News Professional Discipline 19th Jul 2019

Changes to Regulation of Healthcare Professionals

The Department of Health and Social Care has published its response to the consultation on proposals to reform the regulation of healthcare professionals. The changes are aimed at making the fitness to practise process more efficient and user-friendly as well as ensuring greater consistency in the powers of the various statutory regulatory bodies.

The reforms are perhaps not as radical as some of the proposals contained in the consultation; in particular the headline-grabbing idea of consolidating the nine statutory healthcare regulators into a far smaller number has been shelved.

Fitness to Practise

At the heart of these changes is the reform of fitness to practise processes. The current fitness to practise processes have been described by the government as:

bureaucratic, time consuming processes that are burdensome and can be stressful for patients, their families, registrants and employers.

All of the regulatory bodies will be given a full range of powers to investigate and resolve complaints about their registrant’s fitness to practise more quickly. The motivation behind this is to make the process more collaborative and less adversarial, more efficient and less bureaucratic.

One power is to remove registrants from the register automatically, without fitness to practise proceedings, where they have been convicted of certain criminal offences in the UK. The inclusion of a number of offences that may vary considerably in seriousness according to the circumstances of the offence mean that this power may be less uncontentious than it might at first seem. It remains to be seen how it will be implemented and in what circumstances a registrant will be able to insist on a hearing.

The most significant change will enable all of the statutory regulators to resolve fitness to practise cases without the need for a full panel hearing where it is appropriate to do so. Regulators will be able to use case examiners to consider complaints and, where appropriate, resolve them on a consensual basis. Experience of the few regulators currently operating a consensual disposal scheme suggests that reaching a mutually acceptable disposal will require early negotiation between the regulator and defence organisation, necessitating early consideration of the evidence with counsel and expert witnesses.

Greater Autonomy for Regulators

The reforms will provide the regulators with the autonomy to set more of their own operating procedures leading to more responsive regulation. This, it is envisaged, will free up resources for the regulators to invest in other aspects of their role in supporting healthcare professionals.

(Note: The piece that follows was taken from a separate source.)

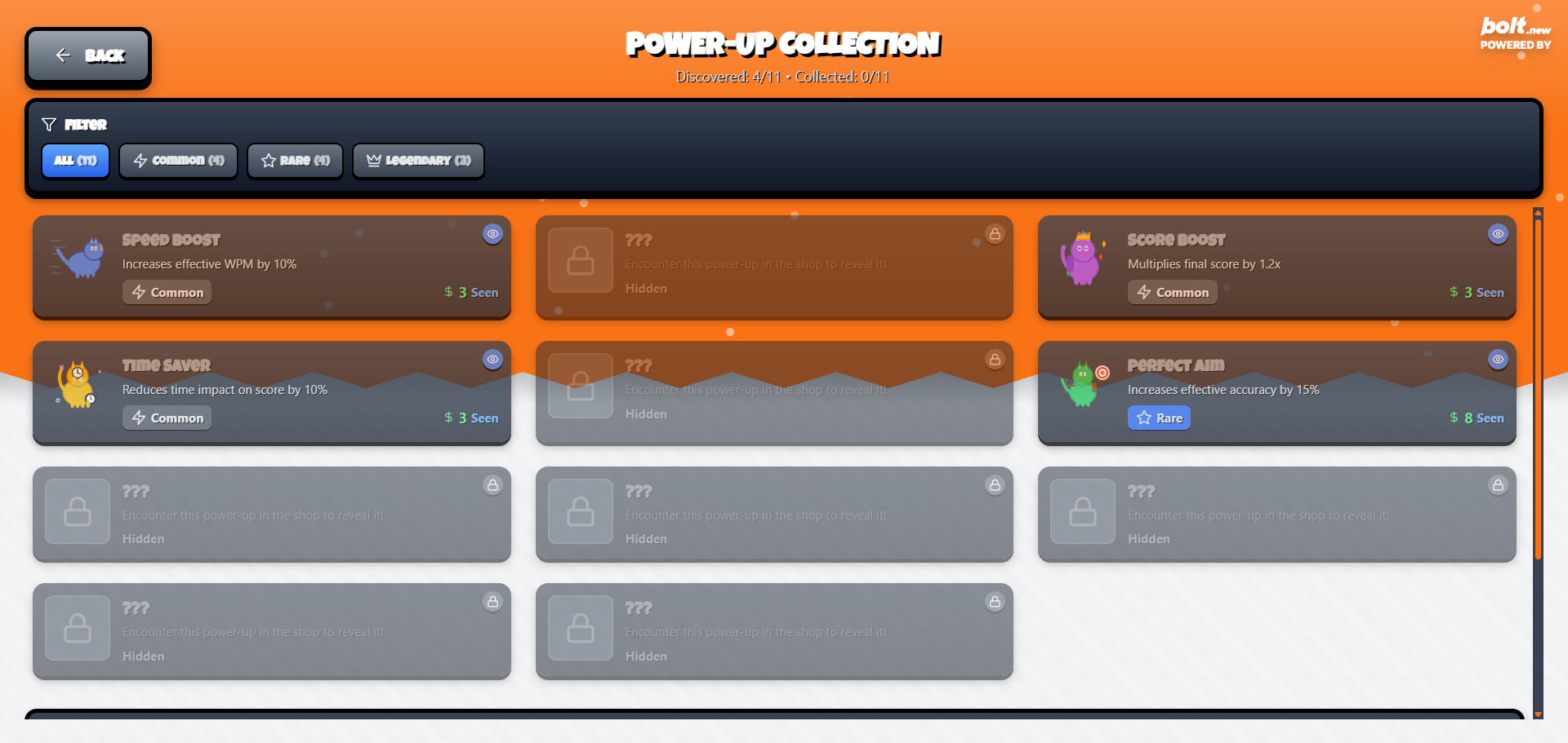 Collection The power-ups have different rarities which you can find by going to the collection screen where you can view power-ups you have encountered and collected.

The proposed reforms are also intended to create greater accountability. This includes transparency in how the regulatory bodies discharge their regulatory functions. There will be a new requirement to update patients and family members on the progress of fitness to practise cases in which they have an interest.

Williams Review

In addition, two legislative changes recommended by the Williams review will be made to the regulatory framework:

  • Removal of the General Medical Council’s (GMC) right to appeal decisions of the Medical Practitioners Tribunal Service (MPTS) to the High Court. The Professional Standards Authority (PSA) will have the sole right of appeal against such fitness to practise decisions, as is the case for the other eight regulatory bodies; and
  • Modification of the GMC and General Optical Council (GOC) powers to require information from registrants for fitness to practise purposes to exclude reflective practice material.

Next Steps

The government will now draft secondary legislation to provide all nine UK regulatory bodies with a legislative framework. The priority for reforms will be changes to the regulators’ fitness to practise processes and operating framework.